Prep Your Routine the Night Before
It took me far too long to learn this lesson, but you will give yourself a massive boost if you sit down for 10 minutes before bed and map out your morning. Not just when to wake up, but what you're going to wear, what you'll eat for breakfast, how long it will likely take. When you stop hitting snooze, you'll be on automatic, again reducing unnecessary stress over something small.
Schedule a Meeting
Your manager(s) may not have hired you. They may only know they're getting someone "new." Even if they were part of the interview process, chances are someone higher up or in HR spent more time with you to discover your fitness for the job. So break the ice right away. Ask to schedule a meeting with your manager to discuss expectations and get to know one another.

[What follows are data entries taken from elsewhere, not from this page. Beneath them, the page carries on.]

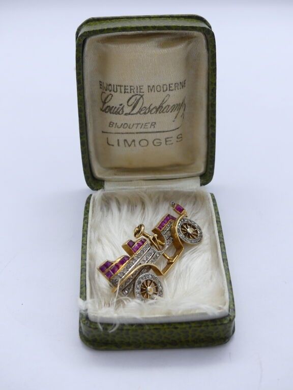 Two-tone gold brooch in the shape of a tacot set with pink sapphires and round diamonds, with wheels and turnings, marked "Félicité juin 1912".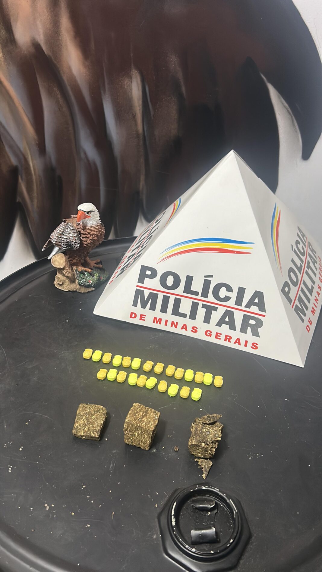 Durante buscas no local indicado, os militares localizaram 14 comprimidos de ecstasy e três tabletes de maconha. Em continuidade às diligências, a equipe se deslocou até a residência do autor, onde foram encontrados mais 10 comprimidos de ecstasy, totalizando 24 unidades da droga sintética.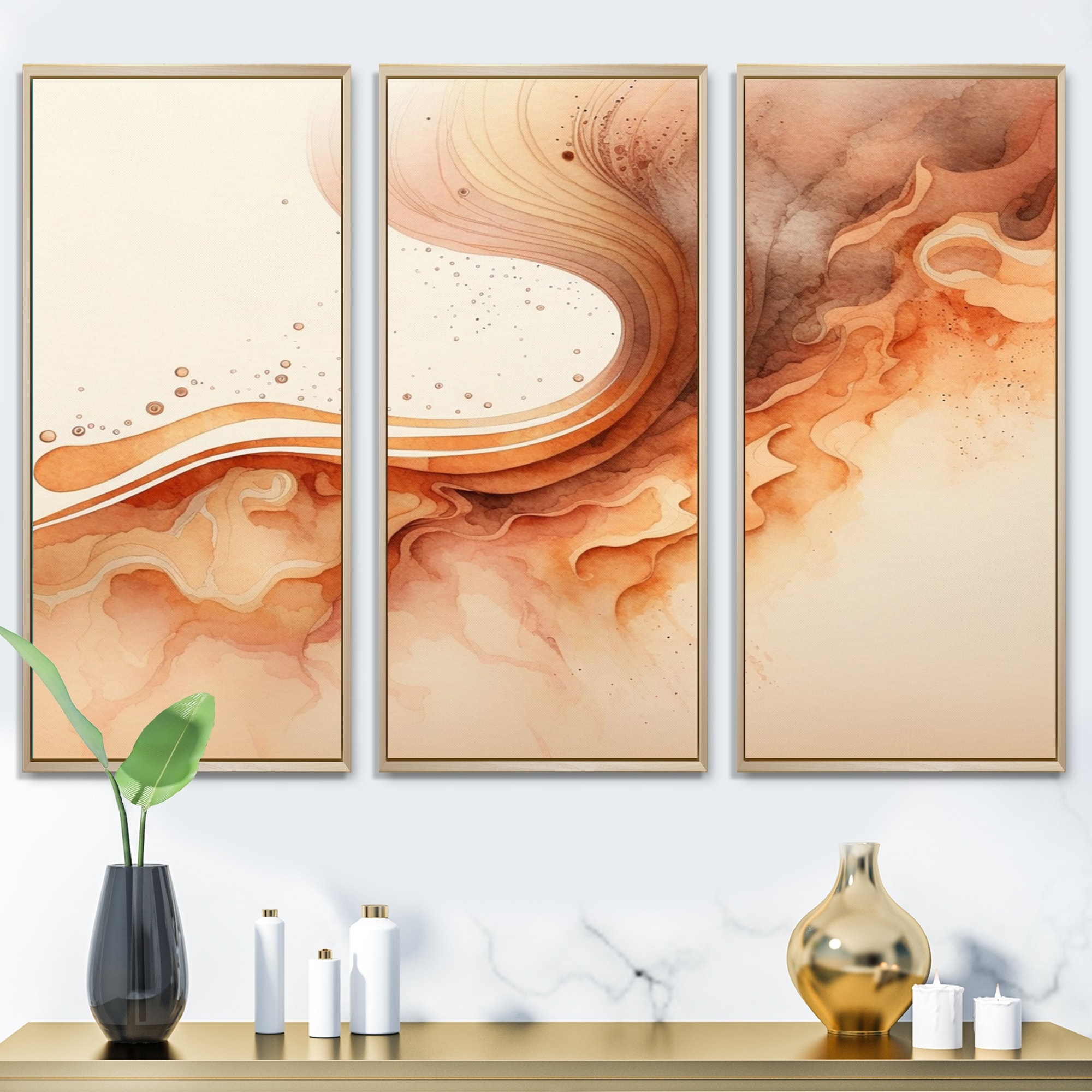 Designart "Wanderings In Canyon Ridge III" Abstract Liquid Ink Framed Canvas Wall Art Print - 3 Panels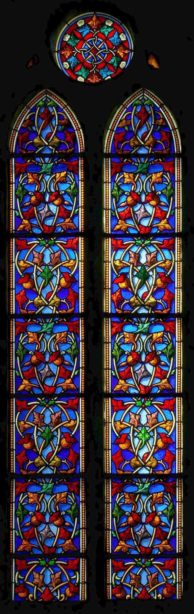 Zweilanzettiges Masswerkfenster mit kreisrundem Couronnement, vollflächig dekoriert mit farbigen Blüten- und Blattranken auf blauem Grund (identisch mit Fenster n II).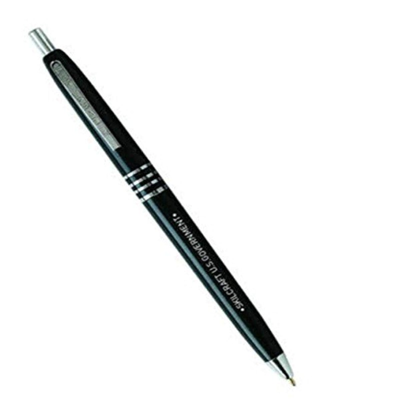 Retractable, refillable, ball point pen is imprinted with U.S. Government. The pen is designed to write anywhere regardless of climate or altitude! this is a rugged, yet economic workhorse of the U.S. Government and military and will write for one mile! ink does not skip or smear and has a brass refill cartridge for extended shelf life. Pen barrel indicates pen color.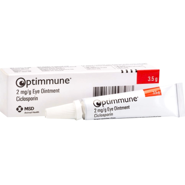 Optimmune — глазная мазь на основе циклоспорина A, предназначенная специально для собак с хроническими поверхностными заболеваниями глаз (например, кератит сухого глаза). Циклоспорин A в концентрации 2 мг/г подавляет локальные иммунные реакции, нормализует слезоотделение и способствует восстановлению целостности роговицы.
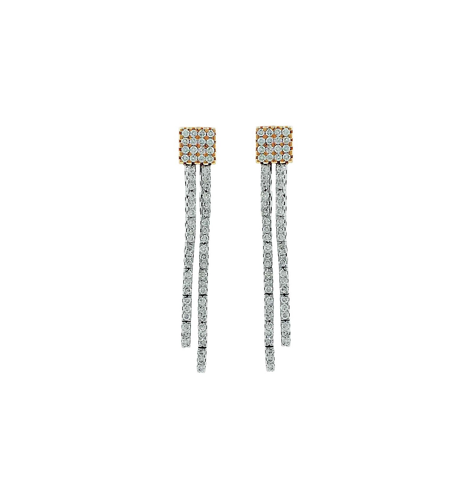 Par de pendientes de oro blanco y oro rosa de 750 milésimas (18K) con diamantes talla brillante.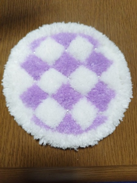 | 主な材料 | ハマナカ ピッコロの白と紫 |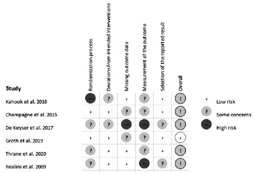 The Risk of Bias (RoB) Cochrane Tool for Systematic Reviews of Interventions was used to evaluate the retrieved RCTs(24). RoB was used to assess several domains of bias considering the trial design, conduct, and reporting, as of low risk of bias, high risk of bias, or unclear risk of bias.

They'll appreciate it. Trust.
Find Out the Kitchen Etiquette:
The kitchenette in any office is a potential hot bed for newbie faux pas. Each office can have its own culture surrounding labeling food in the fridge, mysterious thieves who steal milk, and who should refill the coffee filters. One way to break the ice with a new coworker: Hey, what's the deal with the kitchen? Any rules I should know about?
Create an Accomplishments File
This is maybe not a file to keep on your work computer, hold it on a disk drive you carry with you and update on your lunch break. Having a record of your accomplishments at work allows you to keep your resume updated, have solid facts and figures to present to your manager during performance review time and can boost your ego when you're having a bad day.
Avoid the biggest blunder most politicians make. Whatever you promised in your interview, start working on it right away. If you said you think you can improve social media engagement, present a plan to do so. If you presented yourself as an expert in a certain program or method, get in there and be an expert with it! Don't wait for your boss to assign you something that lets you shine. Ask to participate. Say something like, "Hey, remember when we spoke about X in my interview? Do you still need help with that?"
Question Everything (Almost)
Again, one of my mistakes from younger days and former jobs. I was afraid to ask questions for fear of seeming "dumb." If there's anything you're unsure of, anything at all, pipe up and ask about it. Don't assume you should know. You might be stumped on a process that's specific to your office and requires an answer from a coworker in order to move forward. Think of all the time you'd waste sitting at your desk trying to figure it out yourself when it's literally not possible.
Network, Network and then Network Some More
This is the most obvious tip on here, but it's so important it bears mentioning. You will never do yourself a disservice by giving everyone you meet a chance to be an office friend. By office friend, I mean to say, someone with which you can have a professional quid pro quo (that's a beneficial mutual exchange) relationship. Some advisors tell you to find a mentor or sidle up to the top brass. That can be too obvious and give a bad impression. So just meet and greet as many people as possible, be a social butterfly in those first few months, at least. Say yes to happy hour, say yes to lunch invitations, say yes to everything except participating in office gossip. Never do that until you know the ropes and who you can trust. A better credo might be: just don't do it ever.
Dale Carnegie wrote a little book in 1935 called How to Win Friends and Influence People. And because it deals with human nature, it's still a gem of a self-help book. In it, he stresses the importance of being genuine in your dealings with others. Don't flatter, people can always tell. Instead, find something you genuinely admire about a person, mention it, and they'll be all over it. They'll associate you with positive vibes. Also use this missive to refrain from insincere behavior at work. If you're doing something special just to boost your own ego, you may think you're being sly, but you're not. People can tell. Adopt a team player mentality and be real nice, literally. You'll go far.